• **About this task**
From the line with "Verzeichniß der in" down to the final line of the material, please transcribe everything exactly, but leave the pictures out.

• **Collected data**
▬▬▬▬▬▬▬▬▬▬

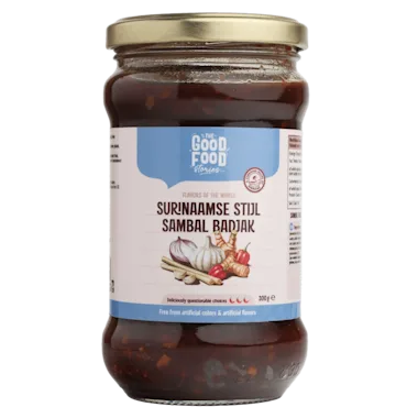 Ingrediënten: gemalen rode peper, ui, suiker, water, zuurteregelaar: E260; kruiden en specerijen, TRASSIE (gefermenteerde GARNALENpasta), zout, kleurstof: E150c), conserveermiddel: E211. Kan bevatten: PINDA's, NOTEN, GLUTEN, SOJA en SESAM.
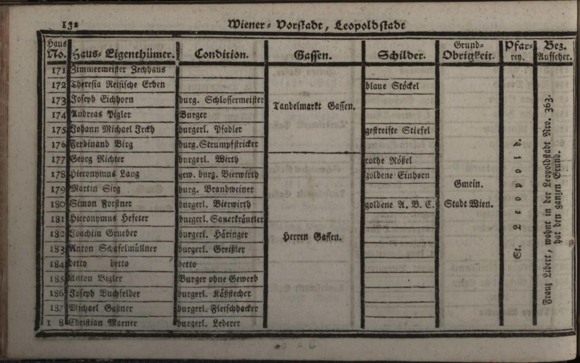 Verzeichniß der in der Kaiserl. Königl. Haupt- und Residenzstadt Wien, sammt dazu gehörigen Vorstädten, und Gründen, befindlichen numerirten Häusern derselben Eigenthümern, und deren Conditionen, Schilderen, Gassen, Grund-Obrigkeiten, Pfarreyen, und derzeit Bezirksaufsehern : auf das genaueste nach denen Grundbüchern entworfen / Von Franz de Ponty
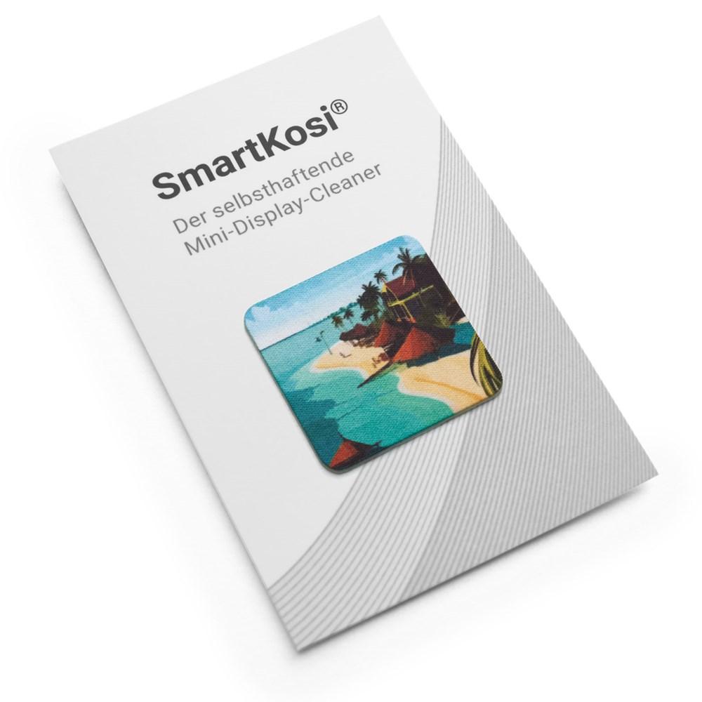 Elevate your brand visibility with the self-adhesive mini SmartKosi® display cleaner, a practical promotional giveaway that sticks directly to smartphones for constant exposure. This compact companion delivers non-stop advertising impact, effortlessly detaching to provide streak-free, scratch-free cleaning for screens using premium P-9000® HD microfiber.
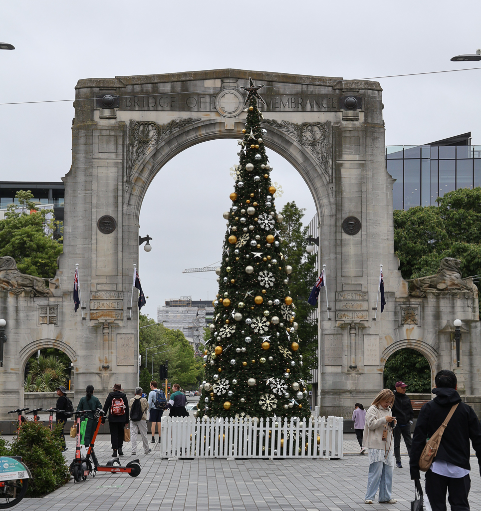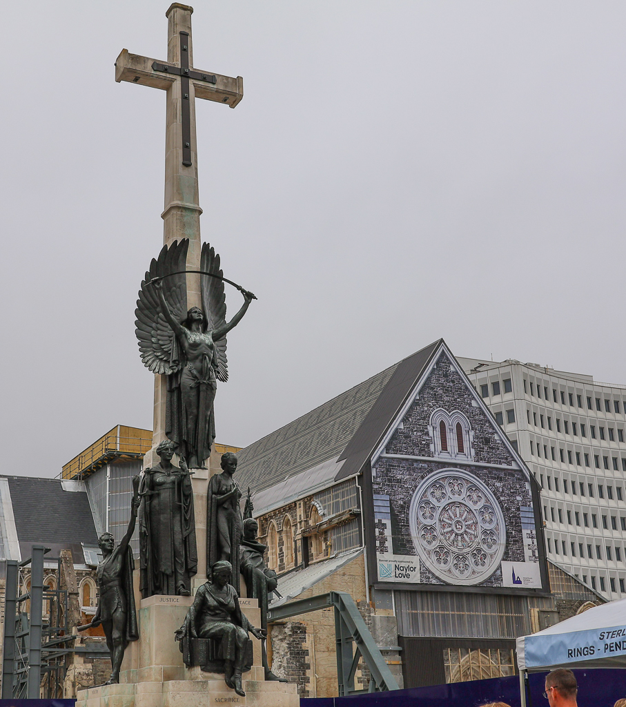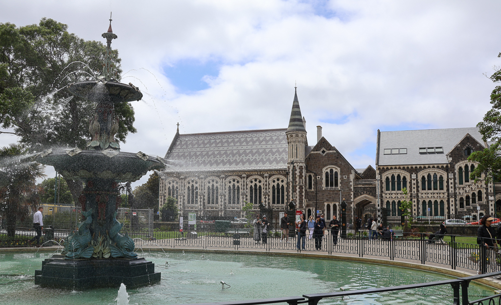 Peacock Fountain – 돌핀, 백로, 백합 등으로 장식된 분수로 이 건축에 재정적인 지원을 한 사업가의 이름으로 명명되었다 – 관계 기사William Sefton Moorhouse 동상 – Canterbury 지역 감독관을 역임했고 Lyttelton 항구와 Christchurch 도심을 연결하는 철로 터널 건설을 추진하였다. 이 터널은 현재까지 운용되고 있는 뉴질랜드에서 가장 오래된 철로 터널이다.Peacock Fountain과 길 건너에 보이는 Arts CenterArts CenterArts CenterArts CenterVictoria 여왕 동상 – Armagh St.과 Colombo St. 모퉁이에 있는 Victoria SquareJames Cook 동상 – 영국 탐험가로 태평양과 대서양을 아우르는 항해 및 지도를 만들었고 뉴질랜드 항해일주를 최초로 성공하였다. 2024년에 빨간색으로 가슴에 X표를 치는 vandalism을 당했는데 이를 지우려고 설치한 지지대를 이용해서 코까지 갈아버렸다. 코는 복원이 가능했는데 X표는 동상에 손상 없이 제거하기가 불가능해서 아직도 자국이 남아 있다.Ferrier Fountain – Victoria Square에서 Avon River 건너편에 있는 민들레 씨 모양의 분수와 Christchurch 시청 건물의 일부Christchurch Gondola Summit Station – Christchurch 시가지와 Lyttelton 항구가 한눈에 보이는 절경을 기대했는데 날씨 때문에 망했다. 좀 기다렸지만 날씨가 개기는 커녕 비까지 내리기 시작하니 시간은 없고 속수무책이다.Bridge of Remembrance – 원래 있던 다리에 세계1차대전 전몰장병을 추모하기 위해서 1924년에 아치가 더해지며 ‘추모의 다리’라고 명명되었다. 후에 2차대전, 보르네오, 한국 및 월남 전에서 희생된 장병들의 이름도 추가되었다.Riverside Market – Bridge of Remembrance 동쪽에 있는 상점거리. Riverside Market 안에는 중식과 일식을 포함한 십여 가지 음식점이 있는데 쉬어 가기에 안성맞춤이다.

▬▬▬▬▬▬▬▬▬▬

• **Exercise output**
 Verzeichniß der in der Kaiserl. Königl. Haupt- und Residenzstadt Wien, sammt dazu gehörigen Vorstädten, und Gründen, befindlichen numerirten Häusern derselben Eigenthümern, und deren Conditionen, Schilderen, Gassen, Grund-Obrigkeiten, Pfarreyen, und derzeit Bezirksaufsehern : auf das genaueste nach denen Grundbüchern entworfen / Von Franz de Ponty
 Elevate your brand visibility with the self-adhesive mini SmartKosi® display cleaner, a practical promotional giveaway that sticks directly to smartphones for constant exposure. This compact companion delivers non-stop advertising impact, effortlessly detaching to provide streak-free, scratch-free cleaning for screens using premium P-9000® HD microfiber.
 Peacock Fountain – 돌핀, 백로, 백합 등으로 장식된 분수로 이 건축에 재정적인 지원을 한 사업가의 이름으로 명명되었다 – 관계 기사William Sefton Moorhouse 동상 – Canterbury 지역 감독관을 역임했고 Lyttelton 항구와 Christchurch 도심을 연결하는 철로 터널 건설을 추진하였다. 이 터널은 현재까지 운용되고 있는 뉴질랜드에서 가장 오래된 철로 터널이다.Peacock Fountain과 길 건너에 보이는 Arts CenterArts CenterArts CenterArts CenterVictoria 여왕 동상 – Armagh St.과 Colombo St. 모퉁이에 있는 Victoria SquareJames Cook 동상 – 영국 탐험가로 태평양과 대서양을 아우르는 항해 및 지도를 만들었고 뉴질랜드 항해일주를 최초로 성공하였다. 2024년에 빨간색으로 가슴에 X표를 치는 vandalism을 당했는데 이를 지우려고 설치한 지지대를 이용해서 코까지 갈아버렸다. 코는 복원이 가능했는데 X표는 동상에 손상 없이 제거하기가 불가능해서 아직도 자국이 남아 있다.Ferrier Fountain – Victoria Square에서 Avon River 건너편에 있는 민들레 씨 모양의 분수와 Christchurch 시청 건물의 일부Christchurch Gondola Summit Station – Christchurch 시가지와 Lyttelton 항구가 한눈에 보이는 절경을 기대했는데 날씨 때문에 망했다. 좀 기다렸지만 날씨가 개기는 커녕 비까지 내리기 시작하니 시간은 없고 속수무책이다.Bridge of Remembrance – 원래 있던 다리에 세계1차대전 전몰장병을 추모하기 위해서 1924년에 아치가 더해지며 ‘추모의 다리’라고 명명되었다. 후에 2차대전, 보르네오, 한국 및 월남 전에서 희생된 장병들의 이름도 추가되었다.Riverside Market – Bridge of Remembrance 동쪽에 있는 상점거리. Riverside Market 안에는 중식과 일식을 포함한 십여 가지 음식점이 있는데 쉬어 가기에 안성맞춤이다.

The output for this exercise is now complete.